Zorian gave Zach a suspicious look, but it didn’t seem like his fellow time traveler was lying about that.

“Damn it,” Zorian grumbled. “All those specialized shaping exercises and I still can’t advance faster in this field than you do.”

“I have six times more mana than you do and you’re further hampered by the number of simulacrums you keep around you at all times,” Zach said with a careless shrug. “It’s hard to make up for such a disadvantage.”

He was right, of course. Truthfully, it was amazing he was able to keep up with Zach’s learning rate at all. It still made him feel a little annoyed that he lost their informal competition about who would advance faster in the field of pocket dimension creation.

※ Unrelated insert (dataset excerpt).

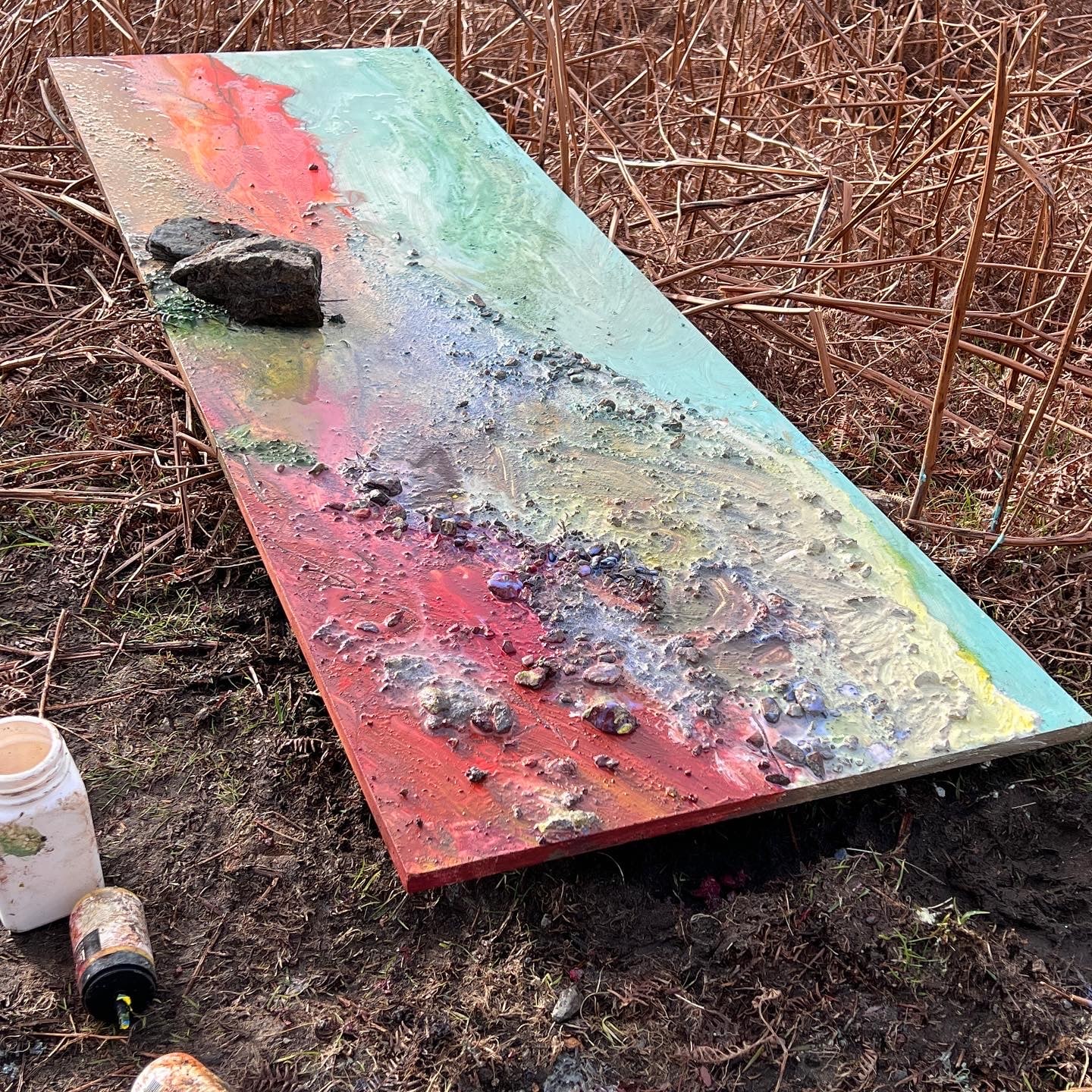 - Acrylic and earths on board

Oh well – there was still time to catch up. They would be chipping away at the topic for quite a few restarts after this, and he was confident he had more patience than Zach did…

It ended up taking Silverlake nearly four hours to finish the potion, despite her claim that it could be done in as little as two hours. She claimed she had merely been waiting for the concoction to cool down to a comfortable drinking temperature before bringing it over, but Zorian suspected it had more to do with the process being harder than she’d thought it would be rather than anything considerate like that.

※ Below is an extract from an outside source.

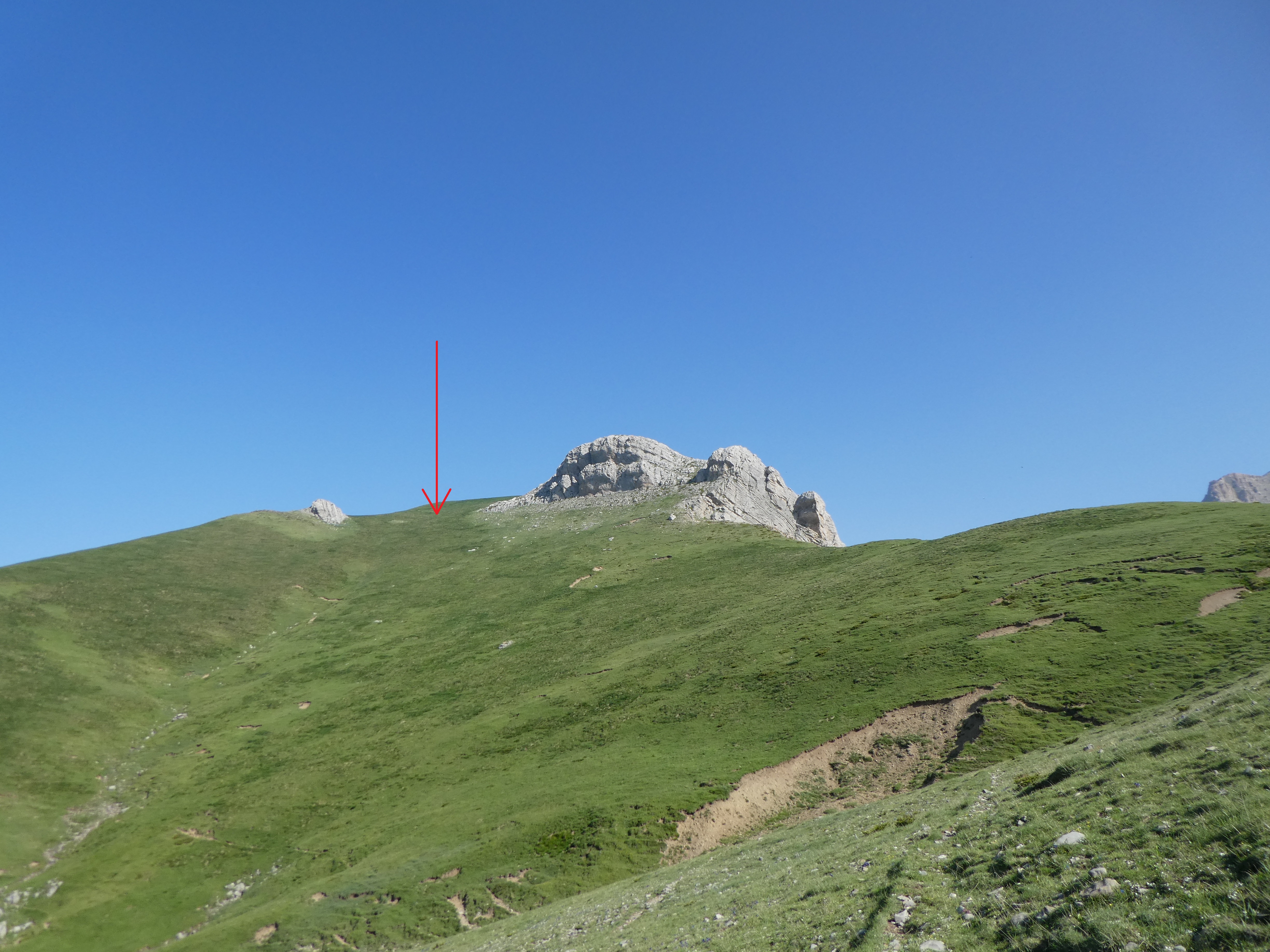 Vue sur la Peña Petruso et le faux-col à viser à gauche du sommet pour l'atteindre (progression hors sentier et à vue)

“You should drink the potion soon,” Silverlake told him. “The instructions were a little fuzzy about its shelf life and there was a bit of unplanned excitement involved in making it, so I had to add in a little something to forcibly stabilize it. It should retain its potency for about a week, after which there is a small but non-trivial chance it might explode in your face. Best not to take that chance, hmm?”

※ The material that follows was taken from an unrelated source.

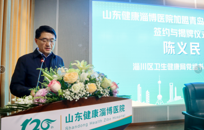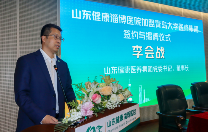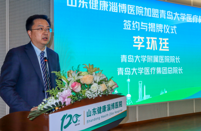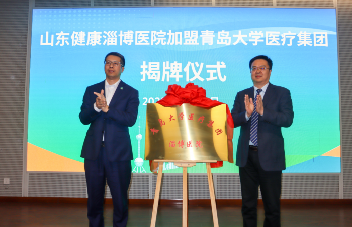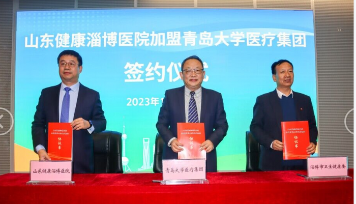 青岛大学医疗集团常务副书记姜卫东、淄博市卫健委副主任刘观湘、山东健康淄博医院党委书记、院长赵建成共同签署医联体合作协议。李环廷、李会战为“青岛大学医疗集团淄博医院”揭牌。
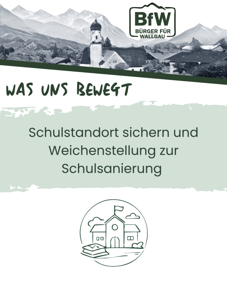Der Erhalt des Schulstandorts in Wallgau ist zentral. Er wirkt sich nicht nur konkret und positiv auf Wallgau in der Gegenwart aus, sondern trägt auch künftig zur Steigerung der Attraktivität unseres Ortes bei. Eine Schule vor Ort steht für kurze Wege, stabile Strukturen und ein vertrautes Umfeld für unsere Kinder. Sie ist ein wichtiger Bestandteil des Dorflebens. Ziel ist es, in der kommenden Wahlperiode den Schulstandort in der Gemeinde Wallgau dauerhaft zu sichern und die dringend notwendige Schulsanierung konsequent voranzubringen. Moderne, gut ausgestattete Klassenzimmer, funktionale Fachräume und ein zeitgemäßes Lernumfeld sollen beste Voraussetzungen für ein erfolgreiches Lernen schaffen. Dabei handeln wir verantwortungsvoll, transparent und in enger Abstimmung mit Schule, Eltern und Gemeinden.

“’Unplanned excitement’, you say,” Zach dead-panned. “That doesn’t exactly inspire confidence.”

“I’m 97.3% sure it will work as expected,” Silverlake said firmly.

There was a small silence as Silverlake looked at them expectantly, no doubt hoping one of them would ask her why it was 97.3 instead of 99 or something like that. She would be sorely disappointed. They both knew better than to humor her like that.

“I’m 97.3% sure you pulled that number out of your ass,” Zorian told her bluntly. “But it doesn’t matter. This month is approaching its end and time will soon reset itself. I’m going to drink this right away.”

“Ah yes, the great time reset,” Silverlake said. “You’re still going on about that, huh? Well, did I ever tell you about–”

But Zorian wasn’t listening anymore. He uncapped the potion bottle Silverlake handed to him and immediately drank the entire potion. The thick green liquid was bitter as hell, but otherwise unremarkable. For a few seconds, nothing happened…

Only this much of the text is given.